Clap Your Hands Say Yeah, Hysterical
Nailing the balance between earnestness and artful deviation
Clap Your Hands Say Yeah has two major artistic impulses. The first is to write and perform beautiful pop-rock tunes as sincerely as possible. The second is to fuck them up. That’s a move this Brooklyn/Philly quintet made on Some Loud Thunder, its cooly-received 2007 follow-up to a 2005 debut that was embraced to the point of near-religious fanaticism.
With Hysterical, CYHSY nails the balance between earnestness and artful deviation. Having learned hard lessons from Thunder with Dave Fridmann — a fantastic producer who nevertheless makes every band sound like his own Mercury Rev — the group here clicks with John Congleton, a sonic savant who favors vast, robust sounds but tempers them with detail.
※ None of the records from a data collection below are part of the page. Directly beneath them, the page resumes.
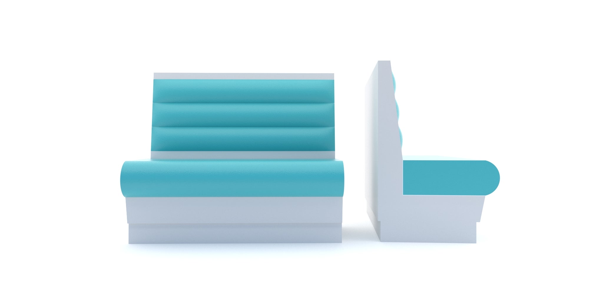 Booth fabricado sob medida. Vendido por metro linear. Pode ser fabricado em modulação simples (apenas um sofá), dupla (dois sofás encaixados um de costas para o outro), curvo, em L (canto 90°) ou ainda modelados no local conforme a necessidade.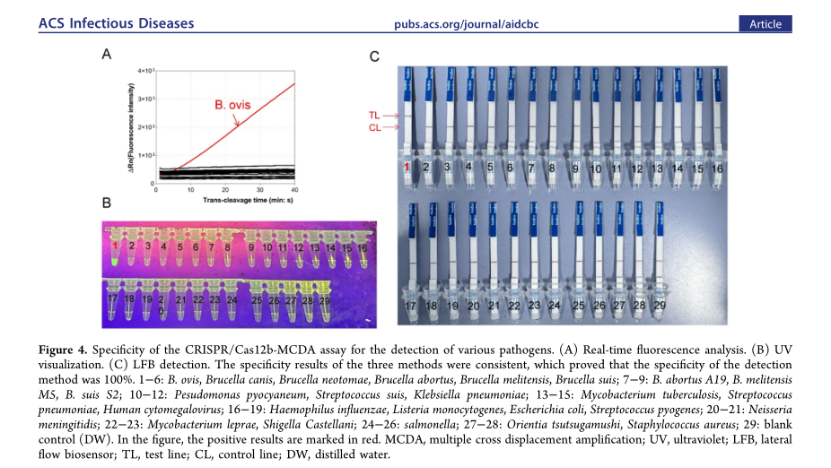 近期,貴州省疾病預(yù)防控制中心在《ACS Publications》發(fā)表重磅研究成果。研究團隊開發(fā)了一種結(jié)合多重交叉置換擴增(MCDA)與CRISPR/Cas12b系統(tǒng)的新型檢測方法,用于快速、靈敏、特異地檢測綿羊布魯氏菌(Brucella ovis),為動物疫病防控及公共衛(wèi)生安全提供了重要技術(shù)支撐。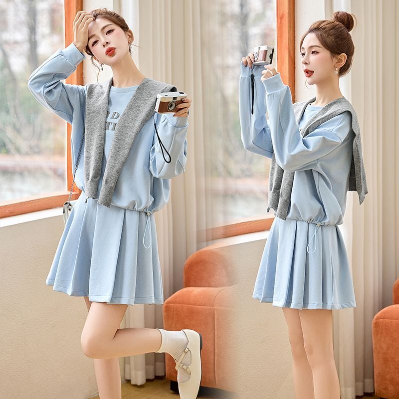 売り切れ必至 目を奪われる カジュアル トップスⅹミニスカートⅹショールセットアップ<ins-11049>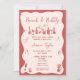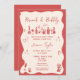 Simples lagosta Vermelha branca e lagosta Desenhou Contemporâneo Convite Retroativo Francês com um quadro de arco, um trabalho de arte de tendência caprichosa para o seu casamento francês por Savanamm e o texto "isso é demais"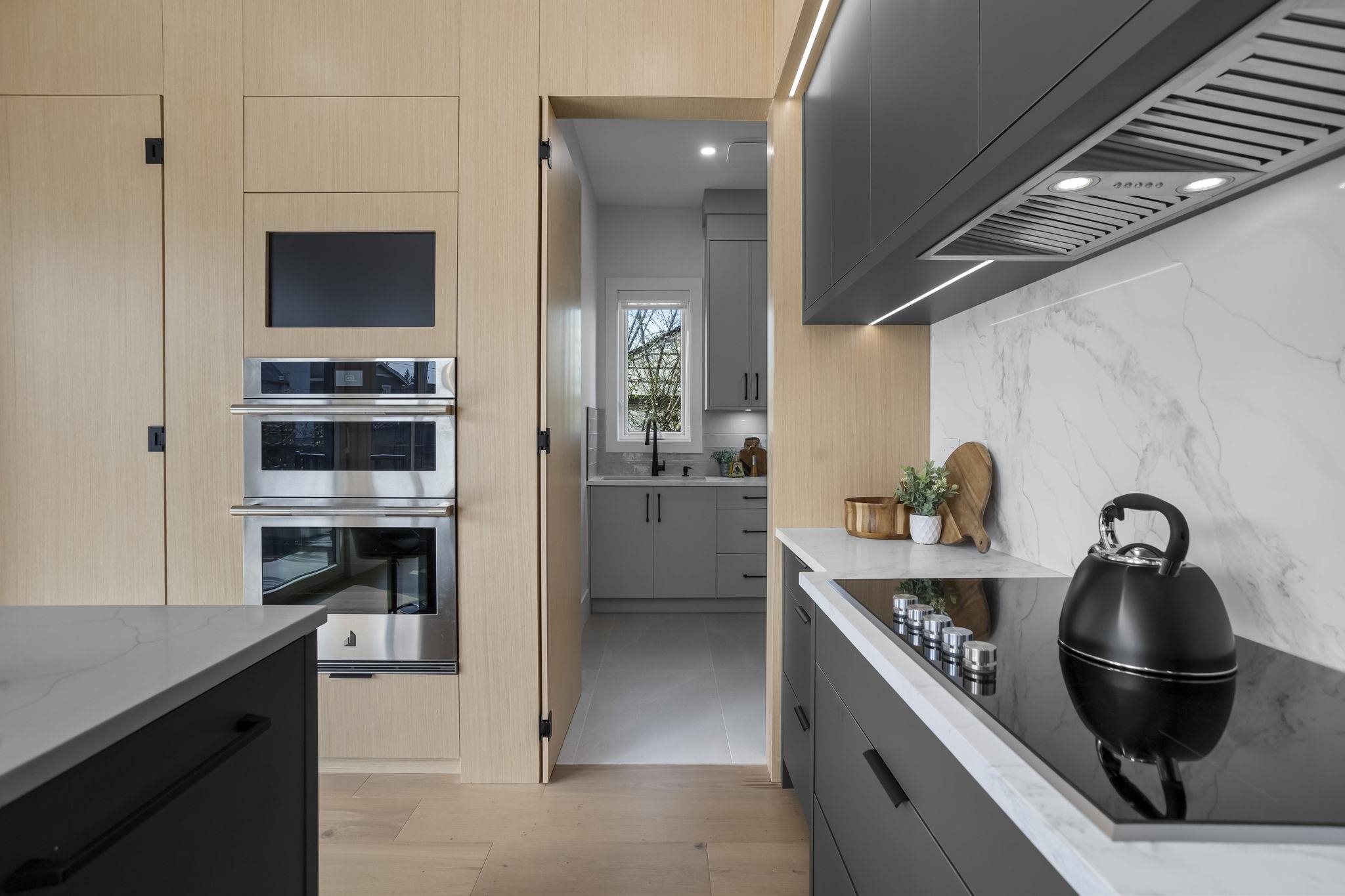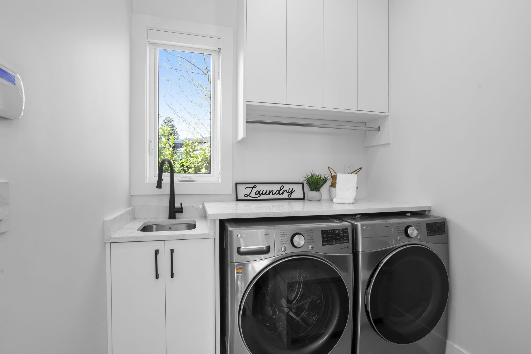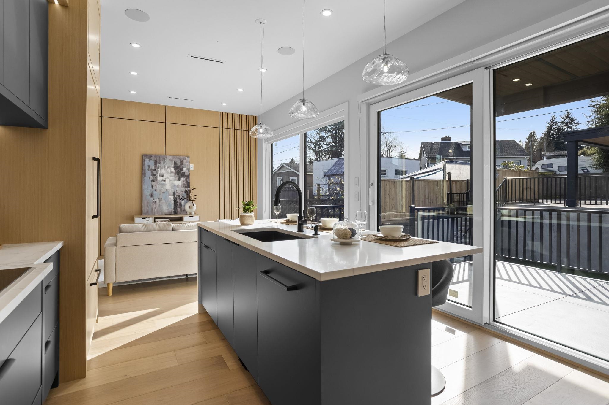 Stunning 8 Bed, 7.5 Bath home on prestigious Chestnut Street in New Westminster! Thoughtfully designed, this brand new property seamlessly combines elegance and function. This home has it all: wide plank oak floors, a gourmet kitchen with custom cabinetry, quartz counters, and a waterfall island. Upstairs offers a rare 4 bedroom layout, including a spacious primary suite with walk-in closet, spa-like ensuite bathroom, and private deck. Downstairs includes a legal suite with separate entrance. BONUS: a beautifully finished laneway home adds flexibility and income potential. A perfect blend of luxury, layout, and location. Don't miss your opportunity! Book a showing now!

Hysterical suggests that leader Alec Ounsworth is still smarting from hype-and-crash syndrome and maybe one particular journalist: On album midway point “Yesterday, Never,” the singer asks, “In your article, how did you put it?/ You had me ’round your little finger, did you?” as earthquake drums and tsunami bass temporarily interrupt ELO-style synth fluttering. There’s got to be a story there.
Song after song, a theme emerges: The past is an enemy, and the only solution is forward movement: “Letting up and letting go…we should just grow up…I can’t go back there no more…you better escape while you can…you couldn’t stand it any longer…now you know what it means to fly,” Ounsworth sings at key points throughout. The restlessness is relentless, nowhere more so than on “Into Your Alien Arms.” The band locks into a desperate groove, chords seesaw back and forth as drums and voice race blindly ahead until suddenly everything drops out but some queasy synth strings. The charge resumes; this time lead by Lee Sargent’s raging, hyper-distorted guitar, which shrieks and screams and roars and rants until it can’t anymore. It’s CYHSY getting ugly again, but this time the effect is indescribably lovely.